Thursday, March 28, 2013

One of the Many Fine Lines in Relationships

The fine line in question here: The fine line between a significant other that challenges you and a significant other that competes with you.

My bottom line opinion (don't you know, telling you my opinion and why it's the right one is the biggest perk to having a blog): The person you're dating, and even more so, the person you are in a full-blown relationship with, should not be competing with you. However, someone that challenges you in relationships can be a great and exciting thing.

Here's the thing. If someone is constantly trying to one-up you, and they are tearing you down any chance they get, chances are you're still in high school and that person is your bitchy best friend that you won't have shit to do with once college comes around (I mean, not that I know by experience or anything). OR, worst case scenario, this person is your significant other. Chances are, this person competing with you is not someone that's in love with you. There's some underlying issue at hand when your significant other finds it difficult to be HAPPY for you when you deserve it. Whether it's a personal issue, or some resentment they have built up for you... regardless. It's not a healthy thing whatsoever in a relationship to be so competitive with your bitches that you would rather see them fail than succeed.

Where's this all coming from, you might ask? Let me tell you. It stems from a relationship where one party thinks that her style is waaaaay cooler than that of the other party; it stems from a relationship where one party is scared that having "mutual" friends will actually mean she'd be losing some, or that she'd have to share; it stems from a relationship where alllllll one party wants is a little support during her first 5K, and alllllll she gets is a glance back from half a mile ahead, and a speed increase so it becomes impossible to catch up.

That whole "don't walk in front of me, don't walk behind me" bullshit most likely came from this EXACT situation. It all started because one lesbian wanted another lesbian to run by her side during her first 5K. Instead, she got someone that seemed to want to beat her ass in the race more than support her while she almost died finishing it (a bit of an exaggeration, but hey, look here! Some people are way out of shape, Jack!).
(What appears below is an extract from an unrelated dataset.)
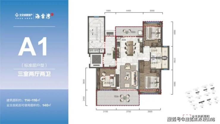 ⭕标准洋房产品(A1、A2):105-117㎡演绎大面宽短进深的经典格局 三室两厅悦享方正宜居,品鉴自贸港粹美生活
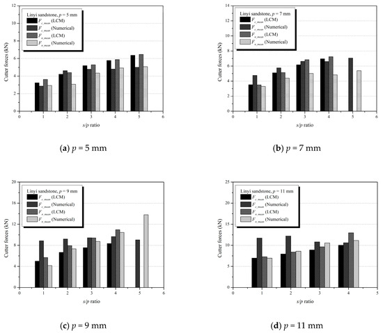 The relative errors in the cutter forces differed with the penetration depth. At 5 mm, the numerical simulation slightly underestimated both the cutting force and the normal force compared with the LCM test. The relative errors in the cutting force and normal force between the LCM and numerical simulation were 13.5% (7.5–21.5%) and 21.3% (16.7–31.1%). As the penetration depth increased to 7 mm, the numerical simulation slightly overestimated the cutting force and underestimated the normal force compared with the LCM test. The relative errors of the cutting force and normal force between the LCM test and numerical simulation were 15.7% (5.6–36.0%) and 20.0% (5.7–33.8%), respectively. At 9 mm, the numerical simulation overestimated the cutting force of a pick cutter. The maximum relative error of the cutting force was 76.4% when the cut spacing was 9 mm. The relative errors of the cutting force and normal force between the LCM test and numerical simulation were 38.9% (16.4–76.4%) and 11.7% (4.5–27.5%). At 11 mm, the numerical simulation significantly overestimated the cutting force at cut spacings of 11 mm and 22 mm. The relative errors at these cut spacings were 69.0% and 54.3%, respectively. However, the normal force of the numerical simulation showed good agreement with the LCM test results for all cut spacings.

A significant other that challenges you, on the other hand, is fabulous in my eyes! By challenge, I don't mean they disagree with every single statement you've ever made just because they can, and I don't mean they contradict your every thought because, heaven forbid, you ever be RIGHT. I mean that they think differently than you; They open your eyes to new things that you might find hard to fully grasp. They show you things that you're missing - either for your eyes to see, or for your mind to see. They challenge you by having their own minds, their own opinions, and their own sense of self, all the while being completely open to you and yours. 

I realize my definition of someone that challenges you is probably more along the lines a fairy tale prince(ss) challenger and it might be hard to come by in real life. But if situations were perfect, this is how I imagine they'd be. 
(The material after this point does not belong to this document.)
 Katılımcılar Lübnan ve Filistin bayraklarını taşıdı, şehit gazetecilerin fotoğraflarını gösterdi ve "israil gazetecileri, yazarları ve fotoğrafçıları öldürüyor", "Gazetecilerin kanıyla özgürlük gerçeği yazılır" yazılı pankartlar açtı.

Perfect, fairy tale situation or not. A nice challenge to your point of view, or the ability to show you something you may not ever think of, is always a refreshing thing from someone you love. It keeps you on your toes, and if nothing else, I'd think it would help you appreciate the person you have by your side even more.
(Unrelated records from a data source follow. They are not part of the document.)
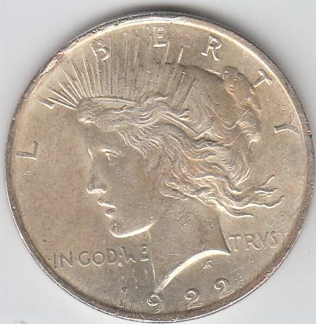 1922 FLASHY BU SILVER $1 PEACE DOLLAR
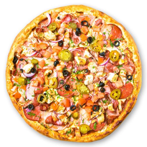 خمیر پیتزا، سوسیس، کالباس، گوشت چرخ کرده، مرغ، زیتون، فلفل، ذرت، سس مخصوص، پنیر پیتزا
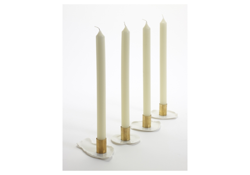 Marie conçu par Marie Michielssen pour Serax est un est un jeu de 4 bougeoirs structurés par une base de forme abstraite en céramique et un support pour bougies en cuivre.
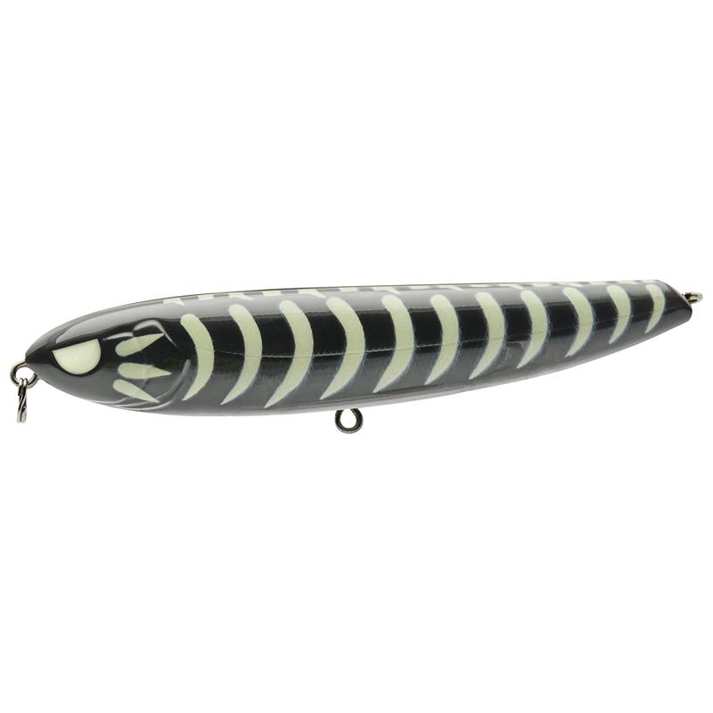 The Walking Haint 115 is packed with features designed to trigger surface strikes. It easily performs a back-and-forth motion (« walking the dog ») with the slightest rod twitch and casts long distances to reach actively hunting fish. Its unique dull-knock sound system (« one-knock ») effectively draws fish to the surface.

The lesson to take away from this: If you find yourself competing with your significant other, stop and think about WHY you're doing this. Are you jealous of them? Resenting them for something? Just wish they'd stop being so fucking amazing? It happens. But it's YOUR significant other. Would you want anything less than an amazing significant other? No. You want the god damn BEST person for yourself, and for them. Support them. Challenge them in healthy ways. Be there to watch them succeed, and help them up when they don't. If you don't do it, someone else will.

1 comment:

  1. Wait wait, so you are saying foot racing all my dates is a GOOD thing or a BAD thing?